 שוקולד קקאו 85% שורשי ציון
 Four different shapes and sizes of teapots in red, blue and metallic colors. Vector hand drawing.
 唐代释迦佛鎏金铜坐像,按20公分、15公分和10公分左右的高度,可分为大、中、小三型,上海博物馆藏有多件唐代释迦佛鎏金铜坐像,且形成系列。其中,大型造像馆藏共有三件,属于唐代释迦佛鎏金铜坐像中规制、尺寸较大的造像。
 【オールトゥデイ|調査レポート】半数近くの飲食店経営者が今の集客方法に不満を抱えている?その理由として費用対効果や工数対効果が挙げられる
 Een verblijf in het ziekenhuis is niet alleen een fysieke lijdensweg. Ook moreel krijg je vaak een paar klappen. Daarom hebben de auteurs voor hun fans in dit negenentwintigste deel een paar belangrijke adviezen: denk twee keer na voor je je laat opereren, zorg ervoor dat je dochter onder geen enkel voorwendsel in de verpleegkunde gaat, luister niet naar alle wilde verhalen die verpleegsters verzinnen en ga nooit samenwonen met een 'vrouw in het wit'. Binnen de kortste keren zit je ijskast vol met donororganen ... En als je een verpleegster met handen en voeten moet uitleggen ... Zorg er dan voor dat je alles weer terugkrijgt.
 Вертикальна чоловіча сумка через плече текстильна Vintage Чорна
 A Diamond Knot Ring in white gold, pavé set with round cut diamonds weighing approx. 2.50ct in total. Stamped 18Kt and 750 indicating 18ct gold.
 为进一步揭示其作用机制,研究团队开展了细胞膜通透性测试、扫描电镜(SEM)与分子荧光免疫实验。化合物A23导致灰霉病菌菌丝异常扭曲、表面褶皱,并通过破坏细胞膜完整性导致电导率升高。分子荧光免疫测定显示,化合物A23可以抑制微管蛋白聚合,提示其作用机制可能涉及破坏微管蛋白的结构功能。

- _Directions_
Print each record word for word.

- _Final answer_
 שוקולד קקאו 85% שורשי ציון
 Four different shapes and sizes of teapots in red, blue and metallic colors. Vector hand drawing.
 唐代释迦佛鎏金铜坐像,按20公分、15公分和10公分左右的高度,可分为大、中、小三型,上海博物馆藏有多件唐代释迦佛鎏金铜坐像,且形成系列。其中,大型造像馆藏共有三件,属于唐代释迦佛鎏金铜坐像中规制、尺寸较大的造像。
 【オールトゥデイ|調査レポート】半数近くの飲食店経営者が今の集客方法に不満を抱えている?その理由として費用対効果や工数対効果が挙げられる
 Een verblijf in het ziekenhuis is niet alleen een fysieke lijdensweg. Ook moreel krijg je vaak een paar klappen. Daarom hebben de auteurs voor hun fans in dit negenentwintigste deel een paar belangrijke adviezen: denk twee keer na voor je je laat opereren, zorg ervoor dat je dochter onder geen enkel voorwendsel in de verpleegkunde gaat, luister niet naar alle wilde verhalen die verpleegsters verzinnen en ga nooit samenwonen met een 'vrouw in het wit'. Binnen de kortste keren zit je ijskast vol met donororganen ... En als je een verpleegster met handen en voeten moet uitleggen ... Zorg er dan voor dat je alles weer terugkrijgt.
 Вертикальна чоловіча сумка через плече текстильна Vintage Чорна
 A Diamond Knot Ring in white gold, pavé set with round cut diamonds weighing approx. 2.50ct in total. Stamped 18Kt and 750 indicating 18ct gold.
 为进一步揭示其作用机制,研究团队开展了细胞膜通透性测试、扫描电镜(SEM)与分子荧光免疫实验。化合物A23导致灰霉病菌菌丝异常扭曲、表面褶皱,并通过破坏细胞膜完整性导致电导率升高。分子荧光免疫测定显示,化合物A23可以抑制微管蛋白聚合,提示其作用机制可能涉及破坏微管蛋白的结构功能。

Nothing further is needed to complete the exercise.